> _Problem_:
Your job is to set down the stretch of entries that opens with the line containing "そして、夢に向かって巣立って" and closes with the line containing "A small basketball". Keep both end lines, copy each exactly, and add nothing.

> _Records supplied_:

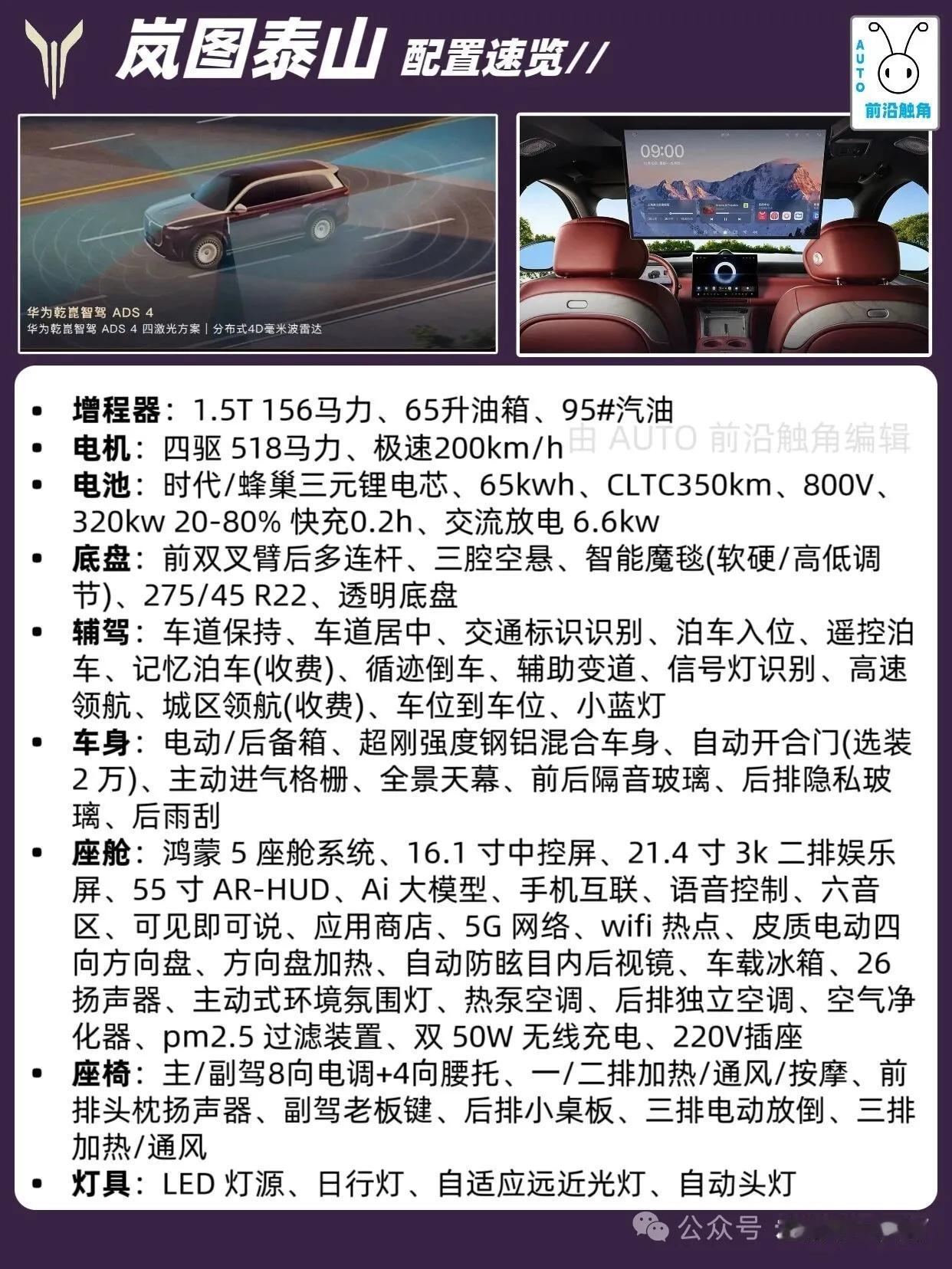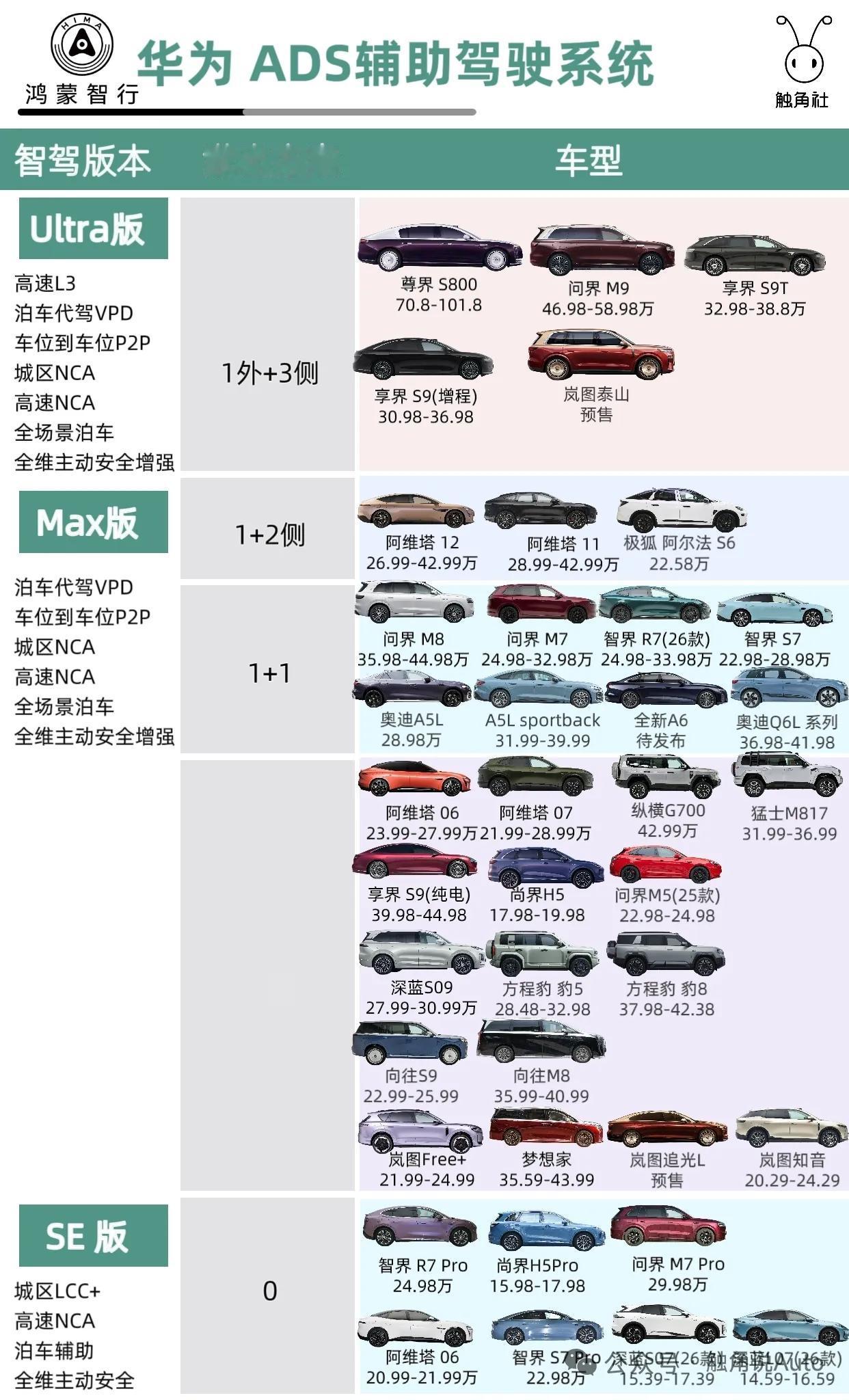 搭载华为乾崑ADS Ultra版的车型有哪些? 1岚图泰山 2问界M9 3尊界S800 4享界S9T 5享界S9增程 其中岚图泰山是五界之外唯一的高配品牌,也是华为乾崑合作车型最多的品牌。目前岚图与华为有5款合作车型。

* * *

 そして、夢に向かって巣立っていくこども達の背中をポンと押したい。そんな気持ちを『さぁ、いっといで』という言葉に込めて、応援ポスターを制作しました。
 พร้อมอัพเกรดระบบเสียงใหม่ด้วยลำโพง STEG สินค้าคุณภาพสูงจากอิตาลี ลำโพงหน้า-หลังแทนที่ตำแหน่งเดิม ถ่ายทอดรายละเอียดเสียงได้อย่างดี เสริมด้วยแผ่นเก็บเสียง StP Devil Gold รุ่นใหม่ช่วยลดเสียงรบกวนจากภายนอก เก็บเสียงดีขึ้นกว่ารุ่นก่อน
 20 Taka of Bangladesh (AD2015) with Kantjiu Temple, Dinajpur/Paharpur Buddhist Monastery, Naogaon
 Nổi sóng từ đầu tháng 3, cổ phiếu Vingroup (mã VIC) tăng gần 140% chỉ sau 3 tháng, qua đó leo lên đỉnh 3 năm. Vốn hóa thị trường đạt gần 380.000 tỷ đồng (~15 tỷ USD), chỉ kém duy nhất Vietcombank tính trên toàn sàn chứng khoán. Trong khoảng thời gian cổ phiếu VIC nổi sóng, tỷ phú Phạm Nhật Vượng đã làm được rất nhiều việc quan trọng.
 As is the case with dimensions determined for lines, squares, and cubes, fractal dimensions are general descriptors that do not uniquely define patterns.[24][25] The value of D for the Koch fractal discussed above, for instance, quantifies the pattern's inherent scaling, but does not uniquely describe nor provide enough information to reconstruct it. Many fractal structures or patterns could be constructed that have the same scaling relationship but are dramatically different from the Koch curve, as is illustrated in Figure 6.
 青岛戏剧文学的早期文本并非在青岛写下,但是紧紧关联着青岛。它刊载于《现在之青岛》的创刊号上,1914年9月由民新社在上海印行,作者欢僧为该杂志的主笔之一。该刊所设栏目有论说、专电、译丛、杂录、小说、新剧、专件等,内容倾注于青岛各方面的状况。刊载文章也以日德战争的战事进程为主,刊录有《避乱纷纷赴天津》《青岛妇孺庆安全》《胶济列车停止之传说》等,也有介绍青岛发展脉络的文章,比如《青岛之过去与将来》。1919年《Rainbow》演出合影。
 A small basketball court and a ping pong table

> _Solution to this problem_:
 そして、夢に向かって巣立っていくこども達の背中をポンと押したい。そんな気持ちを『さぁ、いっといで』という言葉に込めて、応援ポスターを制作しました。
 พร้อมอัพเกรดระบบเสียงใหม่ด้วยลำโพง STEG สินค้าคุณภาพสูงจากอิตาลี ลำโพงหน้า-หลังแทนที่ตำแหน่งเดิม ถ่ายทอดรายละเอียดเสียงได้อย่างดี เสริมด้วยแผ่นเก็บเสียง StP Devil Gold รุ่นใหม่ช่วยลดเสียงรบกวนจากภายนอก เก็บเสียงดีขึ้นกว่ารุ่นก่อน
 20 Taka of Bangladesh (AD2015) with Kantjiu Temple, Dinajpur/Paharpur Buddhist Monastery, Naogaon
 Nổi sóng từ đầu tháng 3, cổ phiếu Vingroup (mã VIC) tăng gần 140% chỉ sau 3 tháng, qua đó leo lên đỉnh 3 năm. Vốn hóa thị trường đạt gần 380.000 tỷ đồng (~15 tỷ USD), chỉ kém duy nhất Vietcombank tính trên toàn sàn chứng khoán. Trong khoảng thời gian cổ phiếu VIC nổi sóng, tỷ phú Phạm Nhật Vượng đã làm được rất nhiều việc quan trọng.
 As is the case with dimensions determined for lines, squares, and cubes, fractal dimensions are general descriptors that do not uniquely define patterns.[24][25] The value of D for the Koch fractal discussed above, for instance, quantifies the pattern's inherent scaling, but does not uniquely describe nor provide enough information to reconstruct it. Many fractal structures or patterns could be constructed that have the same scaling relationship but are dramatically different from the Koch curve, as is illustrated in Figure 6.
 青岛戏剧文学的早期文本并非在青岛写下,但是紧紧关联着青岛。它刊载于《现在之青岛》的创刊号上,1914年9月由民新社在上海印行,作者欢僧为该杂志的主笔之一。该刊所设栏目有论说、专电、译丛、杂录、小说、新剧、专件等,内容倾注于青岛各方面的状况。刊载文章也以日德战争的战事进程为主,刊录有《避乱纷纷赴天津》《青岛妇孺庆安全》《胶济列车停止之传说》等,也有介绍青岛发展脉络的文章,比如《青岛之过去与将来》。1919年《Rainbow》演出合影。
 A small basketball court and a ping pong table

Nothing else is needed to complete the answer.